[Start of section]

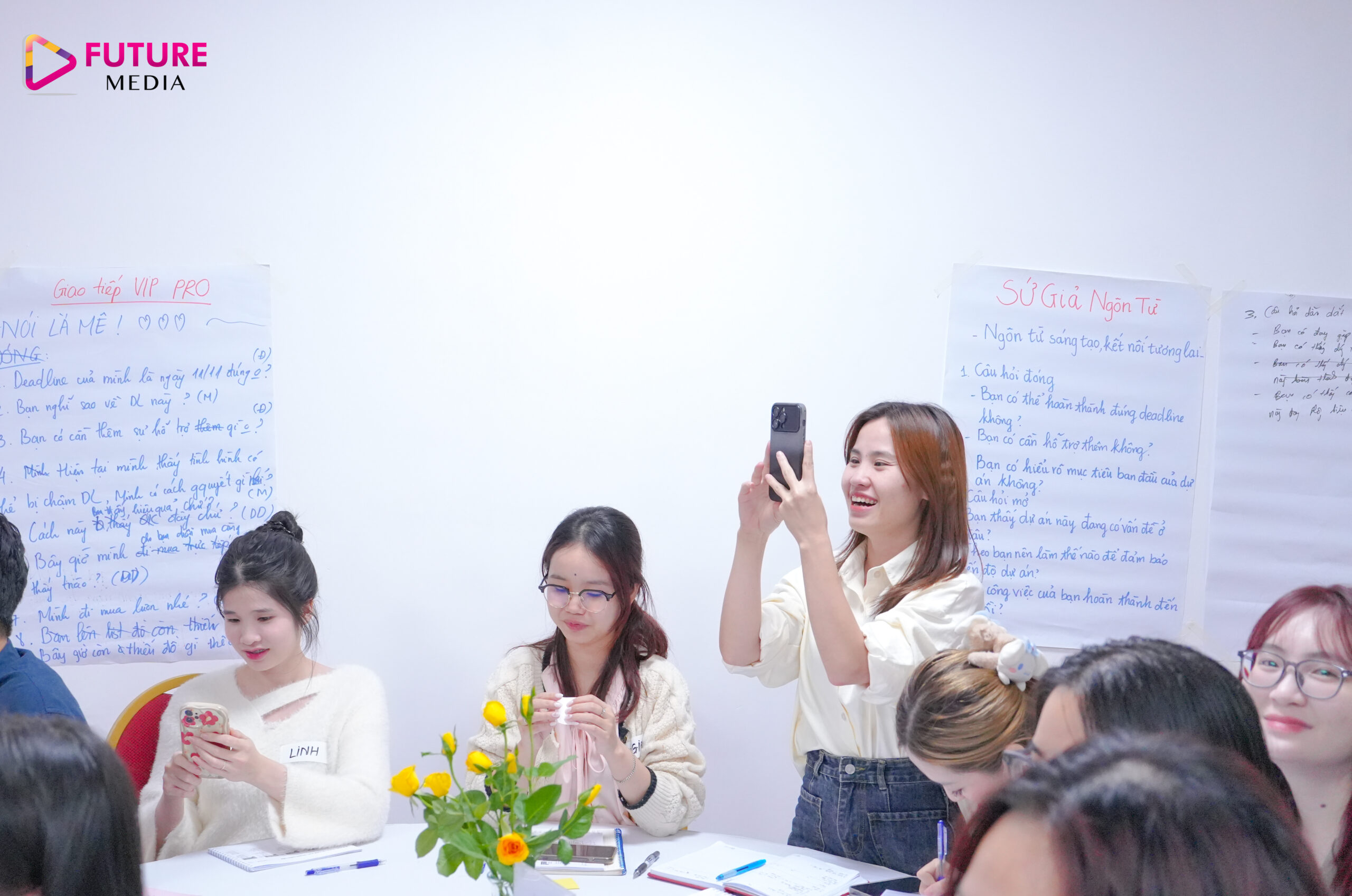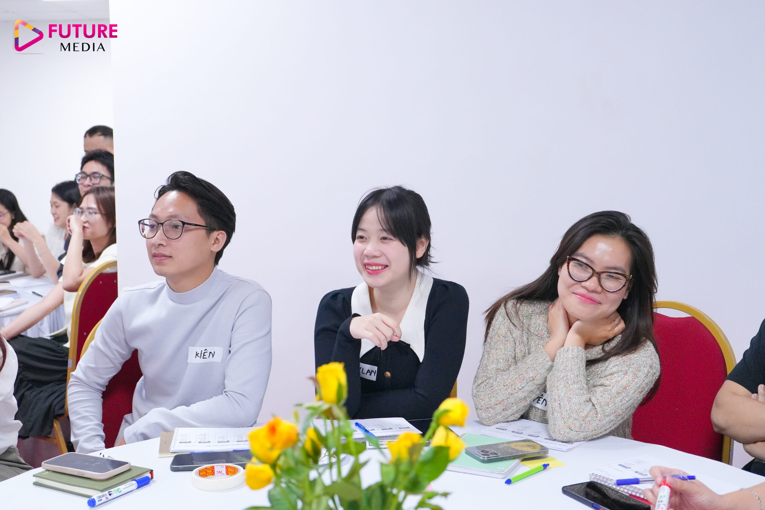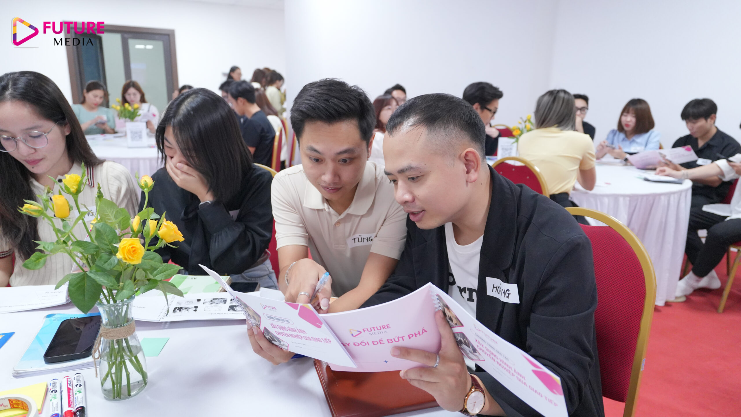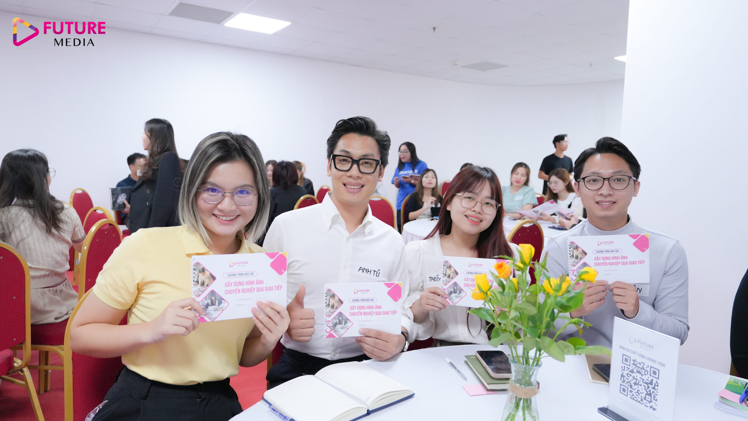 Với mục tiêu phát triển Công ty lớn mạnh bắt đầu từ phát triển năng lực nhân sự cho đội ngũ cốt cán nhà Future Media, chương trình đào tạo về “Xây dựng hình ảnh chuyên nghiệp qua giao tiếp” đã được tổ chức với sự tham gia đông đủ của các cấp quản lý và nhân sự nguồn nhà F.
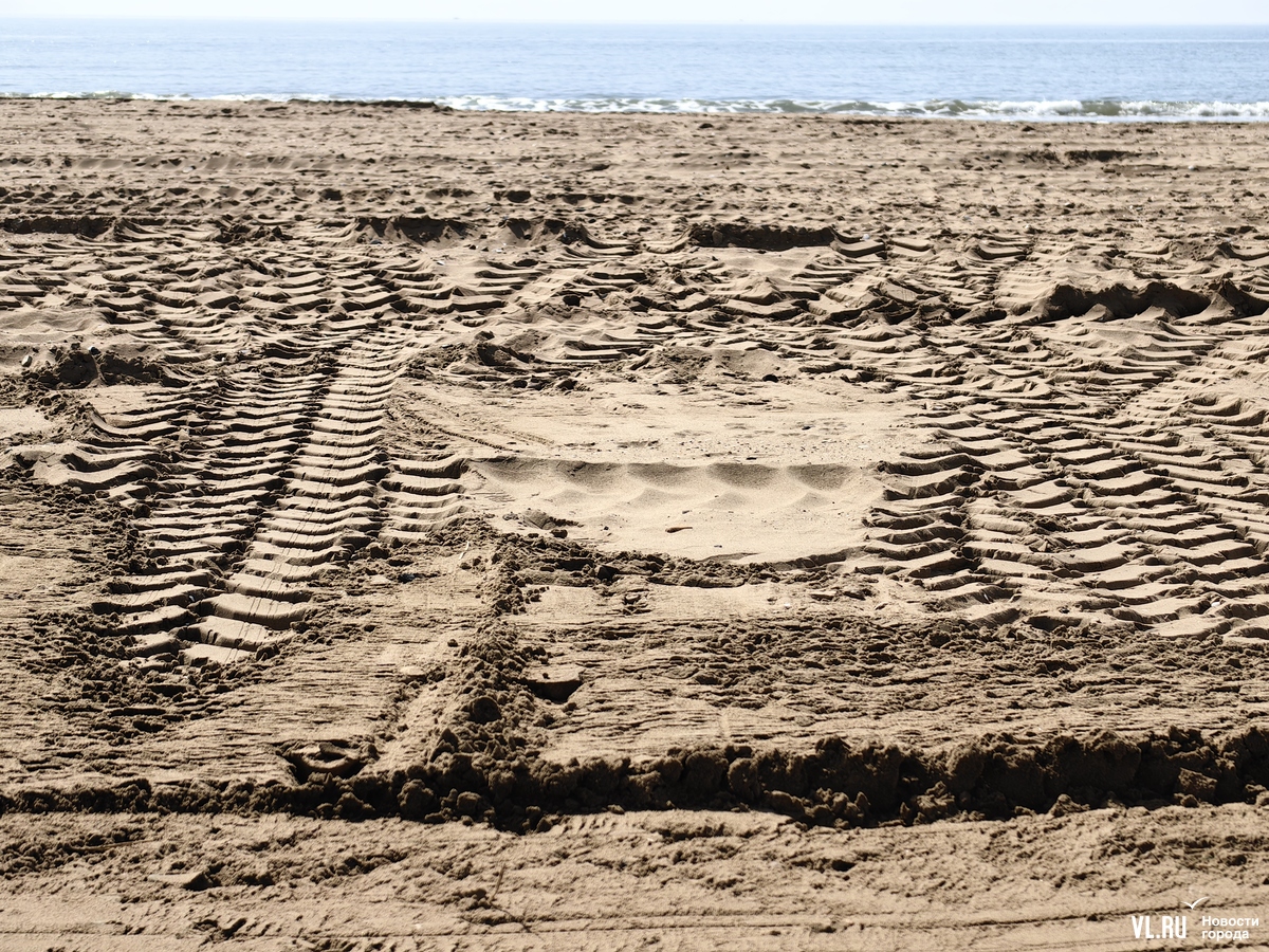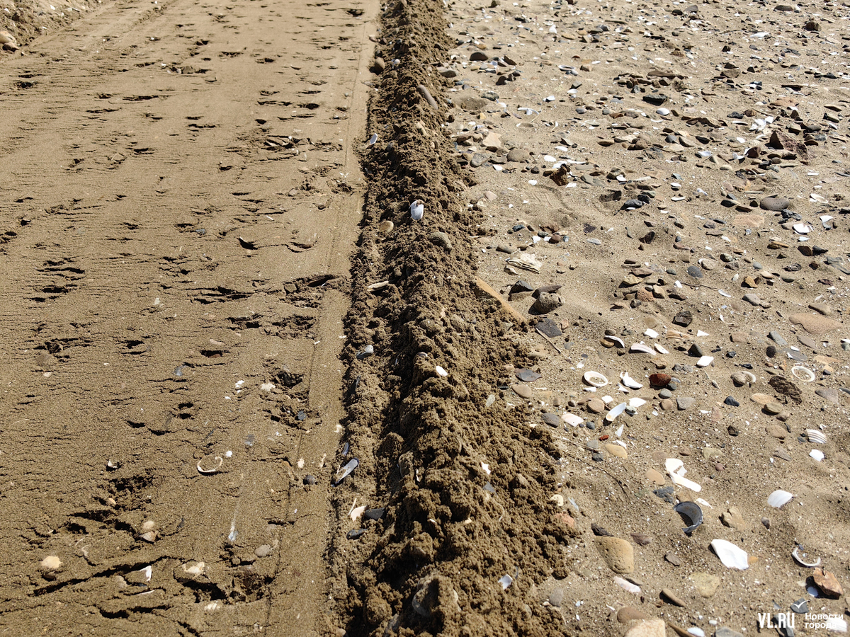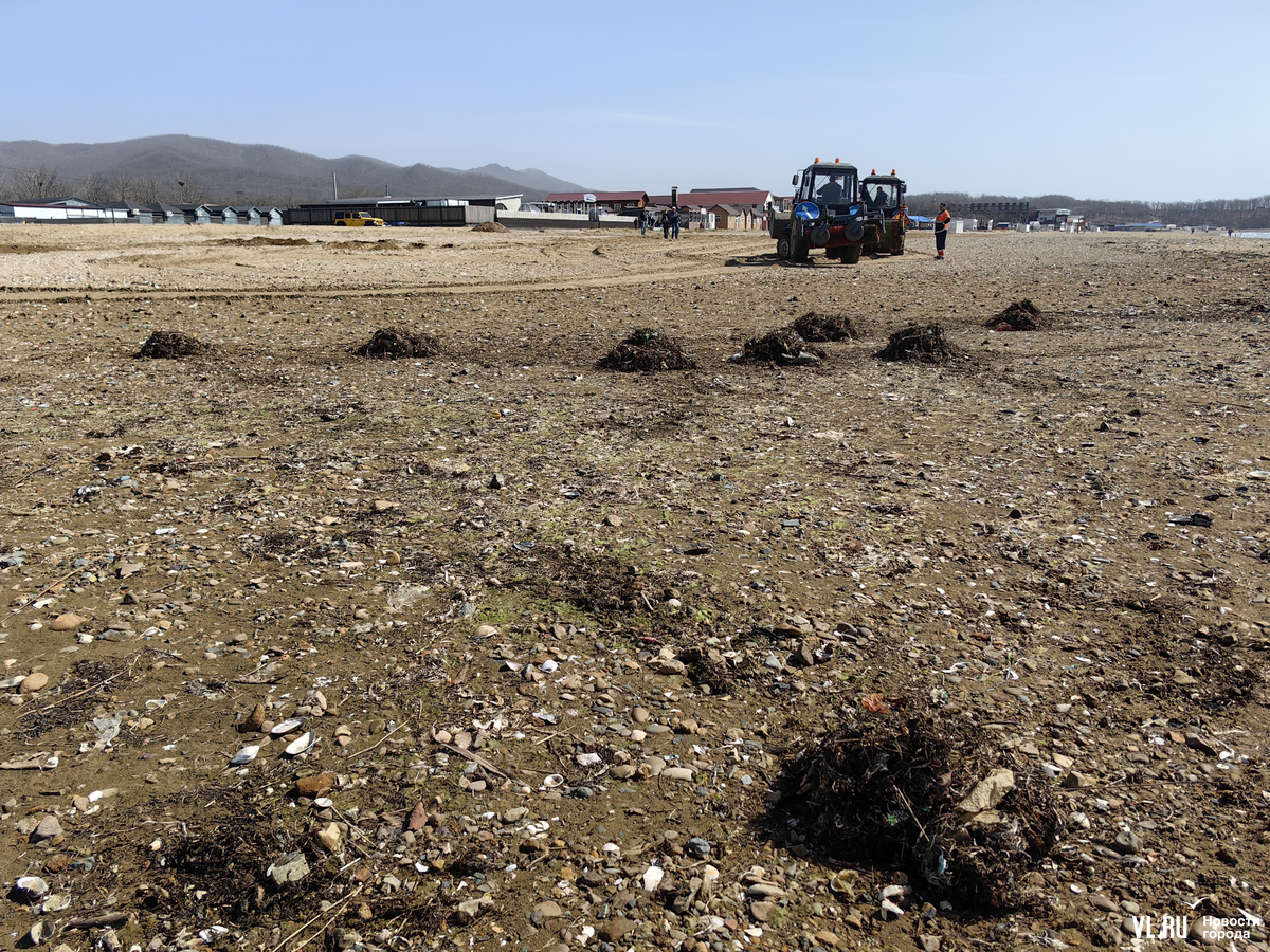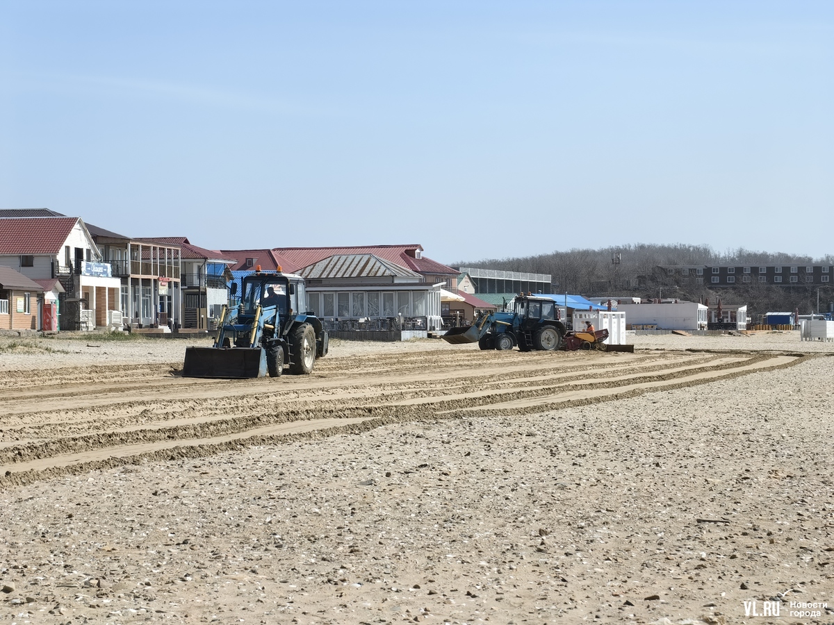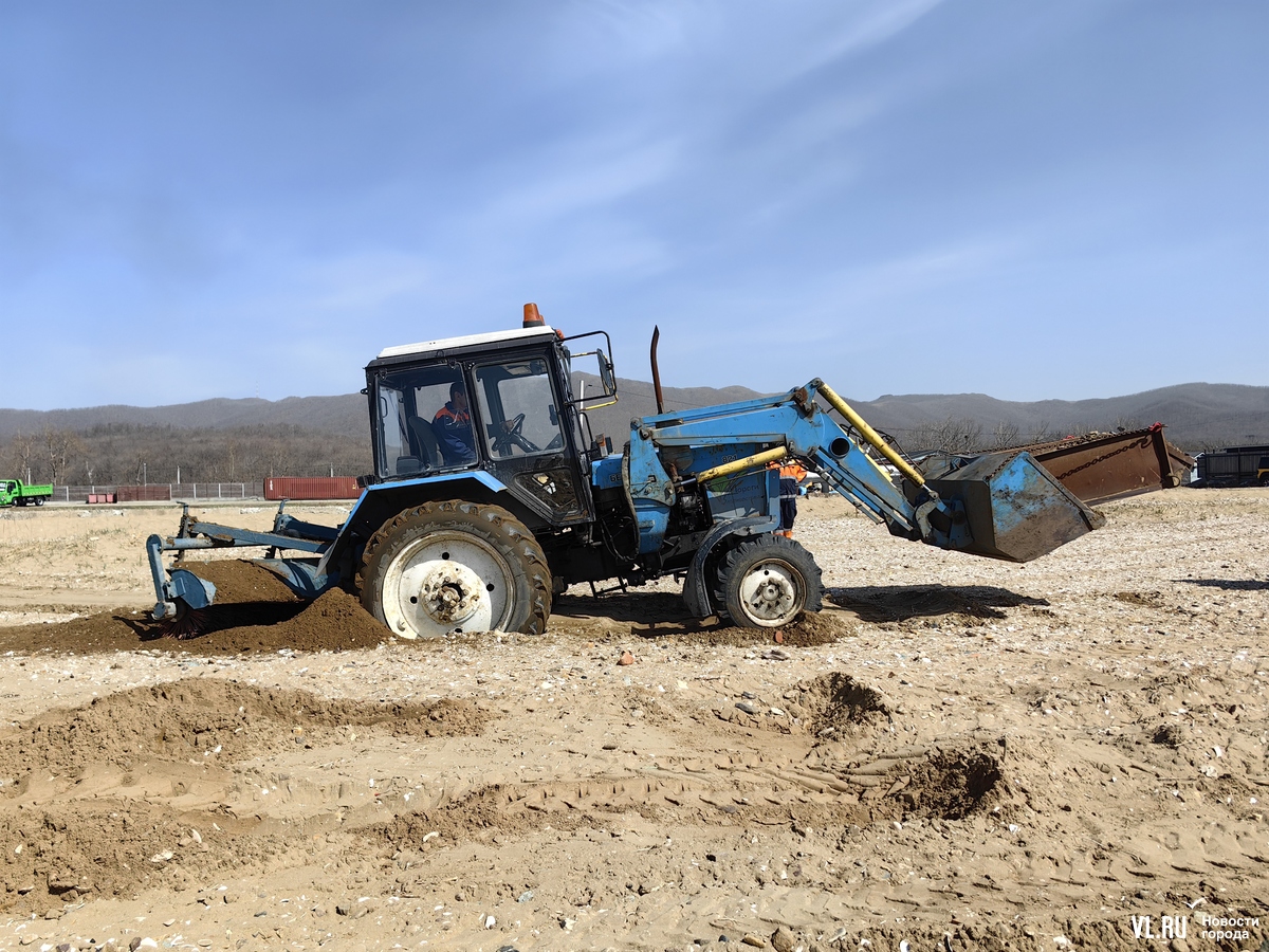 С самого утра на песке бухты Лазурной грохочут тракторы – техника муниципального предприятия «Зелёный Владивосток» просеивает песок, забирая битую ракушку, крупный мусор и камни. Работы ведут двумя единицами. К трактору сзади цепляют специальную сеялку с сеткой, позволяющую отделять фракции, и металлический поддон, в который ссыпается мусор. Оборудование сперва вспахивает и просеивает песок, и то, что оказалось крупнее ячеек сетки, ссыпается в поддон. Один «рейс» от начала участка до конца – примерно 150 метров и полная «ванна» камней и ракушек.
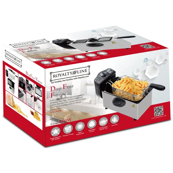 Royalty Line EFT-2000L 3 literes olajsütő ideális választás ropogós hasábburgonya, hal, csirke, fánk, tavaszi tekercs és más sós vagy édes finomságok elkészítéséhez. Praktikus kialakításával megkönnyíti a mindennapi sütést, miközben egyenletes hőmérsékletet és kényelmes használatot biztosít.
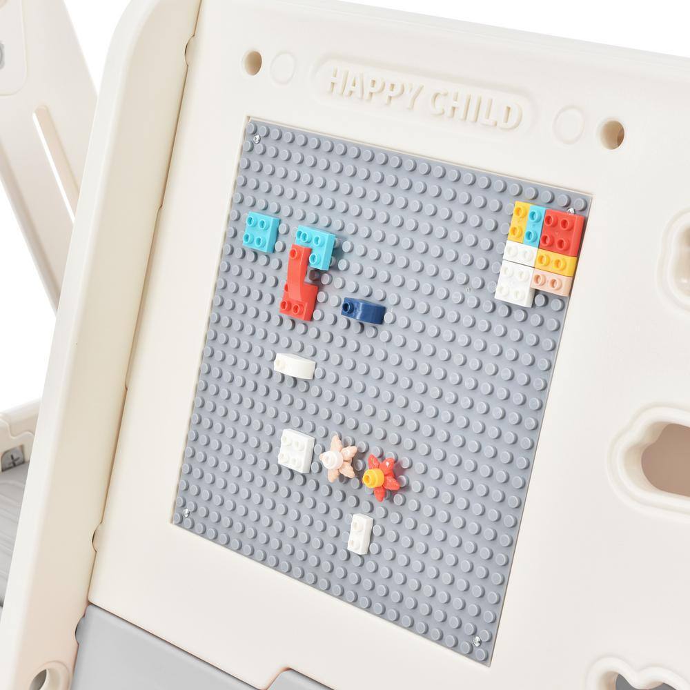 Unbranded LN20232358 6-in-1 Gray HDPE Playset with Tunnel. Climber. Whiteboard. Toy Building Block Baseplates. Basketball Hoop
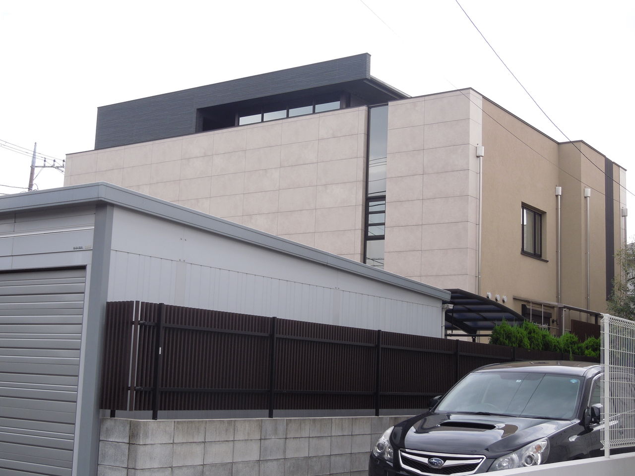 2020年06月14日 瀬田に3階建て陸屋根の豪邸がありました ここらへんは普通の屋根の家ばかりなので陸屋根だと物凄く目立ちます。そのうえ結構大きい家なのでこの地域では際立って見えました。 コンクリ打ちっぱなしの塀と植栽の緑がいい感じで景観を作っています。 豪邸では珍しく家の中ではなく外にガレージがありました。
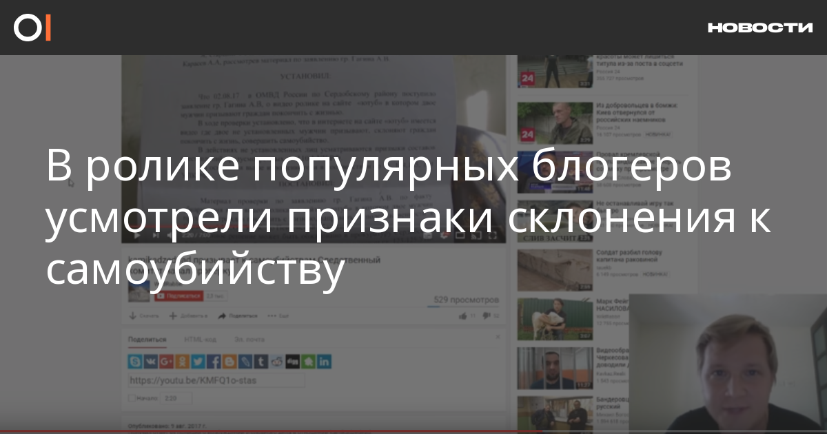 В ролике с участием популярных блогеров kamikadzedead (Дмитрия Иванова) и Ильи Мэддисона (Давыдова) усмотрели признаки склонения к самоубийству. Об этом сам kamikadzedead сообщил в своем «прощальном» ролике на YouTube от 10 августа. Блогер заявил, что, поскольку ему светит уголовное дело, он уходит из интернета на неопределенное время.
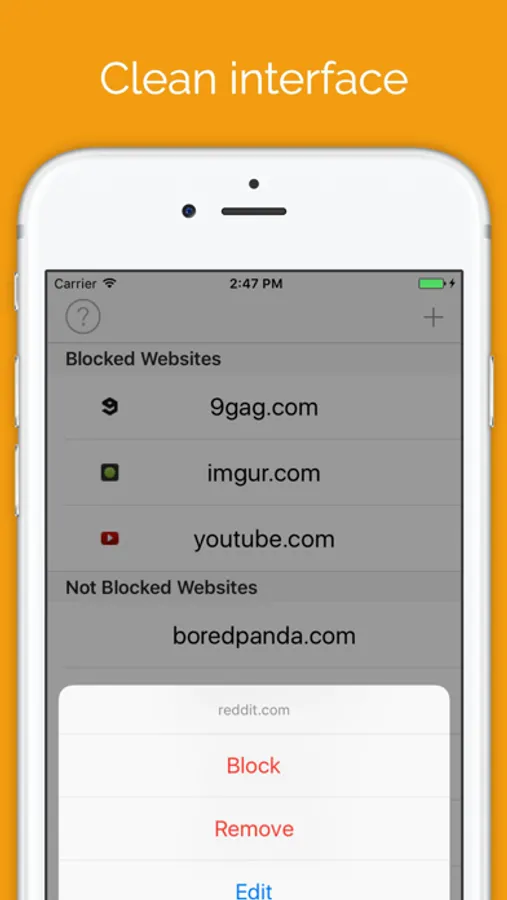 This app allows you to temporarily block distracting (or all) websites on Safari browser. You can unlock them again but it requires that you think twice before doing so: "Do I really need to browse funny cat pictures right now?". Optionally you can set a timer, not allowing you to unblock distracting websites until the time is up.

[End of section]

- Exercise -
Print exactly the lines from the first line of the records above through the line containing "Unbranded LN20232358 6-in-1", leaving out the pictures.

- Result -
 Với mục tiêu phát triển Công ty lớn mạnh bắt đầu từ phát triển năng lực nhân sự cho đội ngũ cốt cán nhà Future Media, chương trình đào tạo về “Xây dựng hình ảnh chuyên nghiệp qua giao tiếp” đã được tổ chức với sự tham gia đông đủ của các cấp quản lý và nhân sự nguồn nhà F.
 С самого утра на песке бухты Лазурной грохочут тракторы – техника муниципального предприятия «Зелёный Владивосток» просеивает песок, забирая битую ракушку, крупный мусор и камни. Работы ведут двумя единицами. К трактору сзади цепляют специальную сеялку с сеткой, позволяющую отделять фракции, и металлический поддон, в который ссыпается мусор. Оборудование сперва вспахивает и просеивает песок, и то, что оказалось крупнее ячеек сетки, ссыпается в поддон. Один «рейс» от начала участка до конца – примерно 150 метров и полная «ванна» камней и ракушек.
 Royalty Line EFT-2000L 3 literes olajsütő ideális választás ropogós hasábburgonya, hal, csirke, fánk, tavaszi tekercs és más sós vagy édes finomságok elkészítéséhez. Praktikus kialakításával megkönnyíti a mindennapi sütést, miközben egyenletes hőmérsékletet és kényelmes használatot biztosít.
 Unbranded LN20232358 6-in-1 Gray HDPE Playset with Tunnel. Climber. Whiteboard. Toy Building Block Baseplates. Basketball Hoop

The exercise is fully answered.